Согласно древнейшим литературным обработкам этой легенды, вышедшим из рук представителей ученой элиты древнего Китая, Ткачиха была дочерью Небесного правителя, которая день и ночь усердно ткала «небесное покрывало» из обычной пряжи. Пожалев свою трудолюбивую дочь, царь Небес выдал ее замуж за Небесного пастуха, жившего на другом берегу Небесной реки (т. е. Млечного Пути). Однако, став мужем и женой, Ткачиха и Пастух забыли о своих обязанностях (в некоторых фольклорных вариантах легенды говорится о том, что Ткачиха и Пастух, вместо того чтобы надзирать, подобно всем небожителям, за людьми, «смотрели друг на друга и смеялись»). Разгневанный владыка небесного царства разлучил влюбленных и разрешил им видеться лишь раз в году — в ночь на 7-е число 7-го месяца.
В некоторых вариантах легенды годичная разлука Ткачихи и Пастуха объявляется результатом недоразумения, что косвенно снимает с Небесного правителя вину за страдания дочери, и тот оказывается не столь уж суровым отцом. В них говорится, что Небесный владыка разрешил влюбленной паре встречаться раз в семь дней, но сорока, которой было поручено передать этот приказ, все напутала и назвала датой свидания лишь один день в году — 7-й день 7-го месяца. Во всяком случае, именно сороки, как издавна верили в Китае, в ночь на 7-е число сооружали из своих хвостов мост через Небесную реку, по которому шел Пастух на свидание к своей возлюбленной. Считалось, что в Канун седмицы на земле не должно было остаться ни одной сороки, ибо все они улетели на небо воздвигать свой мост через Небесную реку — поверье, которое когда-то, возможно, имело отношение к осенним перелетам птиц. Впрочем, если в Канун седмицы выдавалась ненастная погода, Небесная река становилась слишком бурной, и Пастух не мог переправиться на другой берег. Дождь, выпадавший в эту ночь, считался слезами несчастных влюбленных, которые не могли соединиться [Groot de, 1886, с. 439].
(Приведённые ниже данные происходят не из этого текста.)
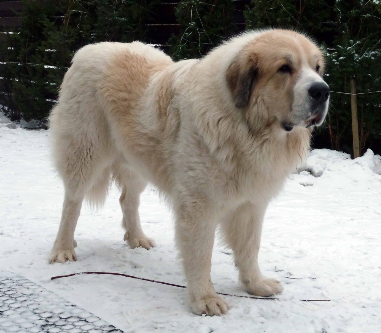 Размеры впечатляют: взрослый самец весит 70-100 кг, высота в холке — 75-82 см. Самки немного меньше. Огромная голова, глубокая грудь, мощные лапы — все в нем говорит о силе. Но эта сила не агрессивная. Это не боец, а защитник. Его шерсть длинная, плотная, белая с крупными пятнами — рыжими, серыми или черными. Шея часто имеет «гриву» — густой подшерсток, что придает ему львиный вид. Глаза — темные, добрые, спокойные.

В китайском фольклоре существует множество вариантов легенды о Ткачихе и Пастухе. Так, версия, распространенная в г. Чаочжоу (провинция Гуандун), изображает Ткачиху и Пастуха небожителями, которые, встретившись однажды в заоблачном мире, не стали скрывать свои чувства и, вместо того чтобы пройти мимо с опущенной головой, «улыбнулись друг другу в лицо». Разгневанный дерзким поведением юных богов, Небесный правитель низверг их на землю, где они родились двоюродным братом и сестрой по матери. Достигнув брачного возраста, они поженились, однако юноша тут же уехал торговать на чужбину. Жена стала упрашивать его отца вернуть ей мужа, и тот послал слугу сообщить юноше, что он может видеться с женой каждые семь дней. Однако слуга по нерасторопности назвал датой свидания единственный день в году — Канун седмицы. И даже впоследствии, когда Небесный владыка взял влюбленных обратно на Небо, Пастух, как почтительный сын, не посмел ослушаться приказа земного отца [Гуандун, 1972, с. 451].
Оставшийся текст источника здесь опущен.